Segment a time series using a genetic algorithm

Segmenting functions for various genetic algorithms

Usage

segment_ga(
  x,
  model_fn = fit_meanshift_norm,
  penalty_fn = BIC,
  model_fn_args = list(),
  ...
)

segment_ga_shi(x, ...)

segment_ga_coen(x, ...)

segment_ga_random(x, ...)

Arguments

x: A time series
model_fn: A character or name coercible into a fun_cpt function. See, for example, fit_meanshift_norm().
penalty_fn: A function that evaluates the changepoint set returned by model_fn. We provide AIC(), BIC(), MBIC(), MDL(), and BMDL().
model_fn_args: A list() of parameters passed to model_fn
...: arguments passed to GA::ga()

Value

A tidyga object. This is just a GA::ga() object with an additional slot for data (the original time series) and model_fn_args (captures the model_fn and penalty_fn arguments).

Details

segment_ga() uses the genetic algorithm in GA::ga() to "evolve" a random set of candidate changepoint sets, using the penalized objective function specified by penalty_fn. By default, the normal meanshift model is fit (see fit_meanshift_norm()) and the BIC penalty is applied.

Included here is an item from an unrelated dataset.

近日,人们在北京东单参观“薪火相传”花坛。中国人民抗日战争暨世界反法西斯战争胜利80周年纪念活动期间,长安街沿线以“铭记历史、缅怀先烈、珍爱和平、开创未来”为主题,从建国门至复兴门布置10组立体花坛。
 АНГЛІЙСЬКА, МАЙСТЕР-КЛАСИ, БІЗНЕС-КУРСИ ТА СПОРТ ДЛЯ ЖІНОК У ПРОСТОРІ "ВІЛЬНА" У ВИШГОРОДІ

segment_ga_shi(): Shi's algorithm is the algorithm used in doi:10.1175/JCLI-D-21-0489.1 . Note that in order to achieve the reported results you have to run the algorithm for a really long time. Pass the values maxiter = 50000 and run = 10000 to GA::ga() using the dots.

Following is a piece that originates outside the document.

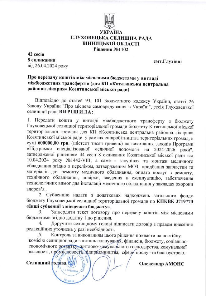 Таке рішення депутати Глуховецької селищної ради ухвалили у рамках виконання погодженої програми міжмуніципального співробітництва «Підтримки спеціалізованої медичної допомоги на 2024-2026 роки», що була затверджена місяцем раніше депутатським корпусом Козятинської міської ради.

segment_ga_coen(): Coen's algorithm is the one used in doi:10.1007/978-3-031-47372-2_20 . Note that the speed of the algorithm is highly sensitive to the size of the changepoint sets under consideration, with large changepoint sets being slow. Consider setting the population argument to GA::ga() to improve performance. Coen's algorithm uses the build_gabin_population() function for this purpose by default.

segment_ga_random(): Randomly select candidate changepoint sets. This is implemented as a genetic algorithm with only one generation (i.e., maxiter = 1). Note that this function uses log_gabin_population() by default.

References

Shi, et al. (2022, doi:10.1175/JCLI-D-21-0489.1 )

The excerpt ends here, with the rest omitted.